Wednesday 5 December 2012

El Salvador's gangs to "disarm" in 10 districts

El Salvador's main criminal gangs agreed on 4 December to a proposal to turn 10 districts into "peace sanctuaries" - apparently without arms or gang violence - in what was described as the second phase of a pioneer decriminalisation process that began in March 2012, the Salvadorean daily El Mundo reported. This phase was announced on 23 November by mediators and the Security Ministry, which were to determine the districts, so far unnamed, the website La página reported. The gangs were to hand over their arms there at an unspecified date to the chief mediators in the process, the former leftist militant Raúl Mijango and the army bishop, Monsignor Fabio Colindres Abarca. A spokesman for the gangs read out a communiqué to this effect at a meeting in a prison in San Salvador attended by the facilitators, gang leaders and an envoy of the Organisation of American States (OAS) Carlos Orozco; the OAS has pledged to aid the process. The gangs concerned were MS-13 or Mara Salvatrucha, M-18, La Mao-Mao, La Máquina and La Mirada Locos. The spokesman, a leader of M-18 dubbed El Viejo Lin, said the disarmament would benefit some 900,000 people and the proposal was a "realistic and objective" step in the process to solve "the problem of violence" in El Salvador. Other gang leaders speaking at the meeting urged a repeal of anti-gang laws, which one said were too many and an impediment "to the continuation of the process." Nevertheless they thanked President Mauricio Funes and the Papal Nuncio, Monsignor Luigi Pezzuto, for their collaboration so far.

Colombian troops said to have killed seven FARC rebels

Seven or more guerrillas of the Revolutionary Armed Forces of Colombia (FARC) were reported killed on 4 December in a gun fight in eastern Colombia, as troops closed in to arrest a prominent FARC chieftain dubbed Jhon 40. The guerrilla, whose name is Géner García Molina, was considered one of the FARC's main drug traffickers and a suspected contact of Mexican drug cartels, though it was not clear if he was killed; army sources had not yet confirmed the operation in the department of Guainía near the borders with Venezuela and Brazil, EFE reported. The seven killed were apparently members of his escort, the daily El Tiempo reported, citing unnamed sources. Colombian and FARC negotiators were separately scheduled to renew peace talks on 5 December in Havana.

Sixteen shot, found dead around Mexico

At least 16 were reported to have been shot or found dead in apparent criminal incidents around Mexico on 3-4 December, some found dismembered in bags or mutilated, the website Proceso reported on 4 December. Seven of these were killed in the northern city of Torreón in the state of Coahuila, including a man found in a house, castrated and with his throat slit.

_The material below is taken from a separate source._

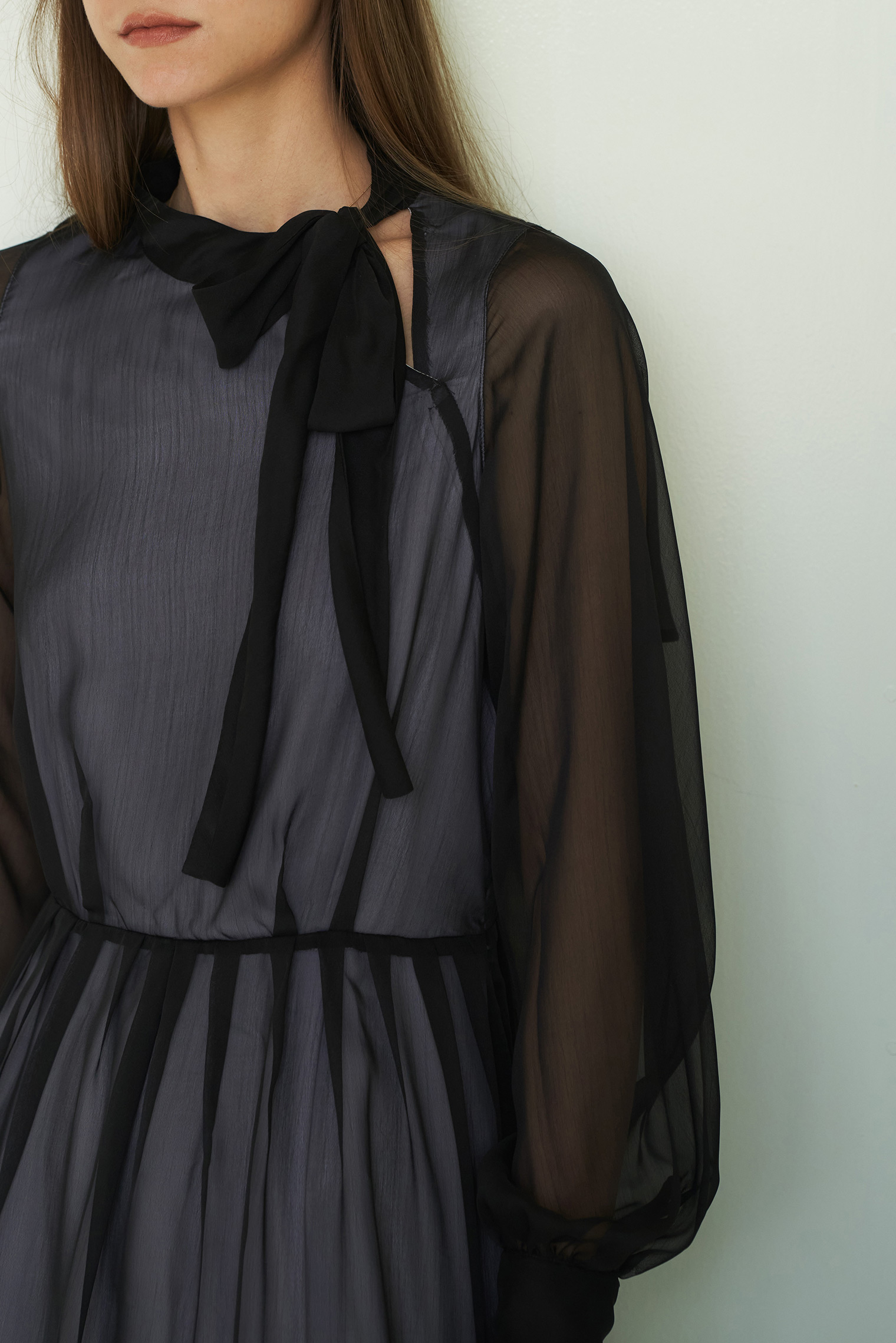 サイドネックボウタイワンピース ¥18,920 (tax in) ハーフムーンプチピアス ¥2,970 (tax in)

In other incidents three gunmen were killed in a shootout with troops in the northern district of Saltillo, while in Matachí in the northern state of Chihuahua, gunmen ambushed a military patrol, killing a soldier. A man was dragged half-naked out of a motel and shot in its courtyard late on 3 December, in the district of Cuernavaca south of Mexico City. A couple was also reported kidnapped from their flat in Cuernavaca before dawn on 4 December, Milenio reported. Police found two children or teenagers, presumably their children, when they arrived at the flat. Separately on 4 December, the prosecutor-general's office declared that a beauty queen who died in a shootout between gunmen and soldiers on 24 November was one of those firing on troops and was not killed for misfortune as first thought. María Susana Flores Gámez - beauty queen in 2012 of the north-western state of Sinaloa - fired an AK-47 assault rifle from a car carrying suspected members of the Sinaloa Cartel. The shootout took place in the localities of Salvador Alvarado and Palmar de los Leal in that state; its victims were Flores, two soldiers and a passer-by. Police now believed that her presumed boyfriend and one of the gunmen, a cartel member dubbed El Cholo Iván, did not die as reported and perhaps escaped, Proceso reported on 4 December.